На горах Карпатских, у истоков горной речки Пиркулаб, расположилась горная летучка перевязочного сибирского отряда. С той осенней ночи, когда застигнутая ненастьем летучка оставила далеко внизу все двуколки и обоз и, превратившись во вьючный горный караван, добралась до высоты узкой горною тропинкой, она теперь, на месте, выросла почти в самостоятельный отряд. Солдаты выстроили около десятка новых бревенчатых хижин, и в хижинах же, прилепившихся на крутом косогоре под еловым лесом, придвинулся к позициям щедро оборудованный хирургический лазарет.

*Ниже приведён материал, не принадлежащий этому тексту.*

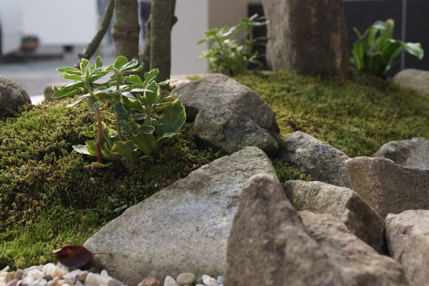 玄関横には、生野石の自然な表情と砂苔を活かした静かな庭が広がり、2.5mのソヨゴが一年を通してやさしく迎えてくれます。
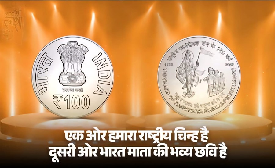 राष्ट्रीय स्वयंसेवक संघ यानी RSS की स्थापना के 100 वर्ष विजयदशमी पर पूरे होने के इस शताब्दी समारोह के अवसर पर पीएम मोदी ने राष्ट्र के प्रति आरएसएस के योगदान को दर्शाने वाला एक विशेष रूप से डिजाइन किया गया स्मारक डाक टिकट और भारत माता अंकित सिक्का जारी किया है जिसमे इस सिक्के के ऊपर संघ का बोध वाक्य "राष्ट्राय स्वाहा, इदं राष्ट्राय इदं न मम" भी लिखा गया है।
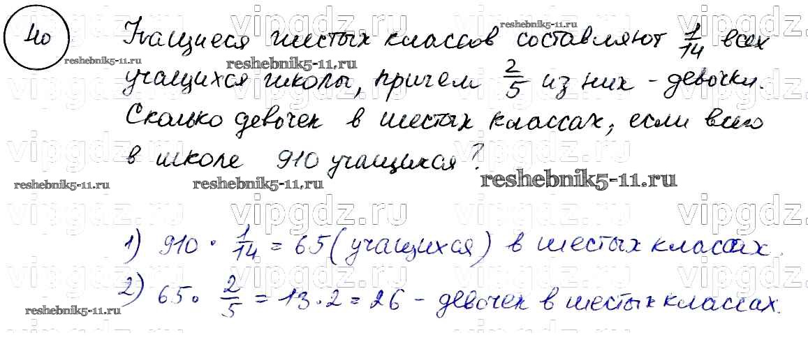 Готовая домашняя работа с ответами по Математике за 6 класс Бунимович, Кузнецова, Минаева Учебник Сферы Просвещение 2014 ФГОС - Упражнения 40
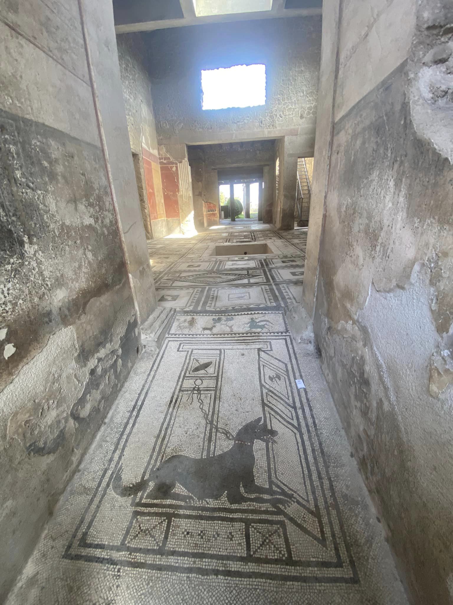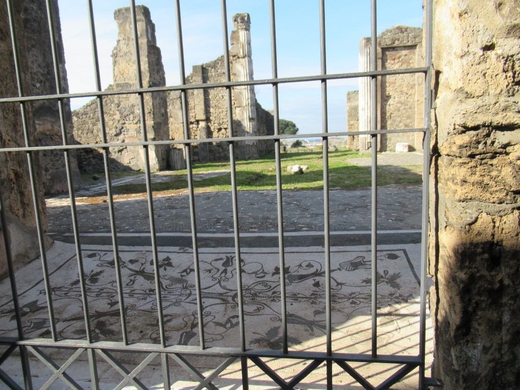 The guard dogs (and museum barriers) kept us from entering these particular homes, but the camera’s zoom does allow for closer inspection of the spectacular floors of this home with the more alert and chained mosaic guard dog.
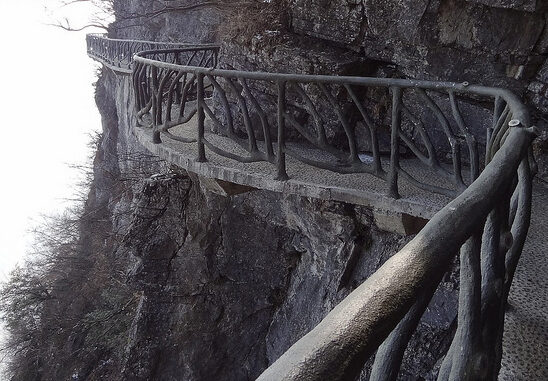 Pero, hay algo en esta pista elevada a cientos de metros de altura sobre el fondo del abismo que marca la diferencia y convierte a este lugar en algo muy especial. Toda una sección de la ruta se ha construido con una estructura metálica que sostiene un camino realizado con placas transparentes. Así, al caminar por la ruta que bordea la montaña, el visitante tiene la sensación de pasear flotando en el aire, con el fondo del valle allá abajo. Lo atractivo de la experiencia consiste, precisamente, en mirar hacia abajo, pero seguro habrá quien pase bastante miedo al recorrer este camino «invisible». 😉
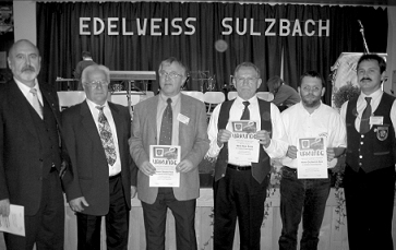 Ehrenvorsitzender wurde das bisherige Ehrenmitglied Burkhard Grein, der sich seit 1945 um den Verein verdient gemacht hat. Zum Ehrendirigenten ernannt wurde Guillermo Ruiz, Dirigent des französischen Partnermusikvereins »Zarpai Banda« aus Hendaye, der seit 1980 fast jährlich nach Sulzbach kommt und oft im Musikverein mitgespielt hat.
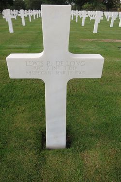 Pfc Lewis R. De Long was employed by the Flint Venetian Blind Company before he enlisted in January 1944. He joined A Company on 6 November 1944.On 24 November 1944, in the vicinity of Bourg-Bruche, France, he was wounded in action by small arms fire at his chin. He was hospitalized until 22 January 1945.
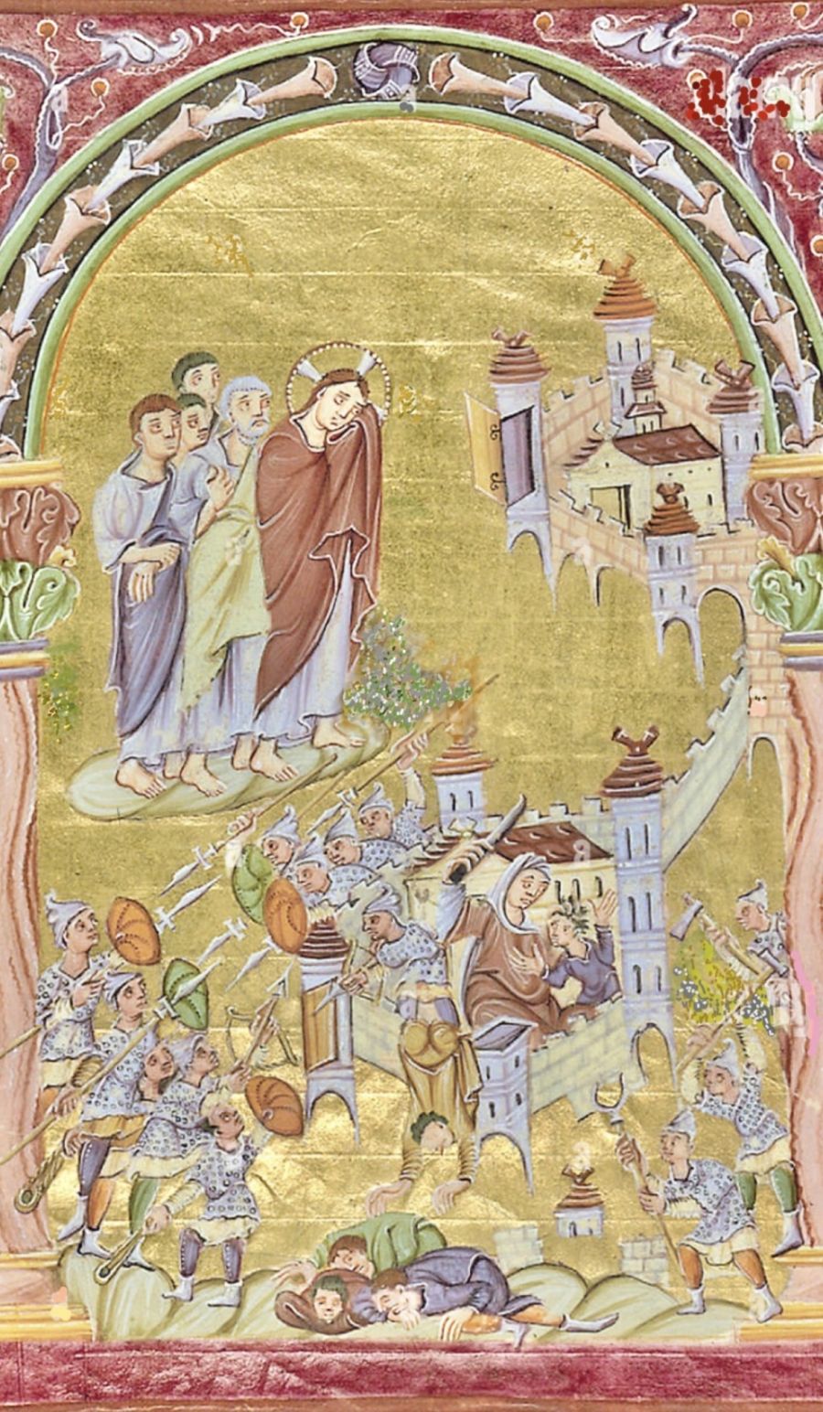 Un tempo, ecco trincee, uccisioni e distruzione delle mura e delle case da parte di Nabucodonosor; poi quella romana del 70 cui allude più direttamente il testo.

В отделении для тяжелораненых было всего пять человек: три солдата и два офицера. Один из них, батальонный командир, после ранения в легкие больше двух недель боролся со смертью. Не теряя сознания, он все бодрился и надеялся подняться, протестуя против эвакуации даже в дивизионный лазарет. И только в последнее ночное дежурство сестры Августы он потерял сознание и медленно, спокойно отходил.
Привыкшая к лику смерти во всех ее видах, Августа на этот раз особенно ожесточенно билась с нежеланной гостьею. Все предупредительные меры, всю находчивость, всю нежность милосердия, всю жалость женщины приложила она к тому, чтобы агония была лишь переломом к выздоровлению. Ничего не помогло. Перед рассветом длинное, худое тело вытянулось еще более, и тонкие черты лица с высоким лысым черепом и рыжеватою щетиной давно не бритого подбородка стали еще тоньше и острее. Полуоткрытые глаза куда-то далеко устремились и, точно в изумлении, застыли. Все лицо при свете ночника отливало голубоватой желтизною древнего мраморного изваяния.

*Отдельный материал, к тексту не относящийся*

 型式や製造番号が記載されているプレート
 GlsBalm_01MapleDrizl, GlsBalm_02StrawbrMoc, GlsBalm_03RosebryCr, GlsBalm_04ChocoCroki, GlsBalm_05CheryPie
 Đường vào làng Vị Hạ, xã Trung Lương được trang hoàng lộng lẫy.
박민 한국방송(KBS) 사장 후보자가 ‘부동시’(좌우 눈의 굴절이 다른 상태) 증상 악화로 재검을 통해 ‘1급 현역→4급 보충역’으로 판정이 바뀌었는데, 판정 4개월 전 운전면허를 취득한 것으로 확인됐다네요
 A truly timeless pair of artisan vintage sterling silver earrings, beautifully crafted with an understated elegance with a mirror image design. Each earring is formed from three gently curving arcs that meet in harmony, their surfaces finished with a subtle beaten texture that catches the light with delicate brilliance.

Сестра долго всматривалась в это спокойное, чем-то особенным привлекающее лицо и вновь — в который уже раз — с тревогой вспомнила о том, к которому так привычно и так часто улетали думы во всех печалях. Где он? Помогли ли ему ее хлопоты и обещания генерала Энского? Жив ли? Ничего уже с полгода не знает о нем. Что, если он там, в остроге, без единого близкого сердца умер в унижении? Этот умер как герой, вблизи траншей, а тот — с пятном незаслуженного арестантского позора… Приводя в порядок голову умершего и поправляя под нею подушку, Августа нашла потертую записную книжку, которая раскрылась как раз на страничке, где четким, красивым почерком было написано: ‘О смерти’. Под этим заголовком было вырезано и наклеено несколько печатных строчек. Под строчками была приклеена, тоже напечатанная, подпись: ‘Прохожий’. Августа уже встречала очерки за этой подписью в какой-то газете, но читать не приходилось. И вот впервые, перед ликом смерти, перед не охладевшим еще телом человека, эти строки сохранившего, сестра Серкова в сумеречном свете туманного зимнего утра, стоя на ногах, как на молитве, стала читать. Не все сразу понимая, она повторяла прочитанное вслух, и оттого для одного из раненых солдат, который был в сознании и не спал, казалось, что сестра читает что-либо церковное. Он слушал, и хотя не понимал, но слабою рукой крестился и стонал с прискорбием.
‘… В тонкой пряже времени, как под голубою тканью неисчислимых паутин, сокрыто прошлое. Только словеса сказаний, летописей и пытливая догадка разума могут нам поведать о скорбях минувшего, о воплях пораженных и униженных, о возгласах победы, об отчаянии плененных, о стонах умирающих на поле брани, о пиршествах победителей и о черных тучах воронов, терзавших безответные тела на безлюдном поле среди ковылей. Но знаем мы, и знание наше твердое, что никакое прошлое, никакие сроки времени не в силах скрыть от нас лик смерти, которая идет издревле и неустанно, всеми нелюбимая, собирает свою жатву. В грозе войны и в скорбях болезней, в восторгах пира и в смиренном подвиге, в хохоте все- истребляющего пламени или в баюкающих волнах вод, у ног упавшего в сражении воина, у одра старческой немощи и у колыбели беззаботного младенчества — всюду и во всякий час придет и остановит дыхание, остановит крик и улыбку, остановит течение крови и мгновений времени и все предаст забвению, сотрет все имена, все некогда сверкавшие и радовавшие деяния и, никогда не сытая, не знающая своего конца, идет вослед за жизнью, как неразлучная ее подруга…’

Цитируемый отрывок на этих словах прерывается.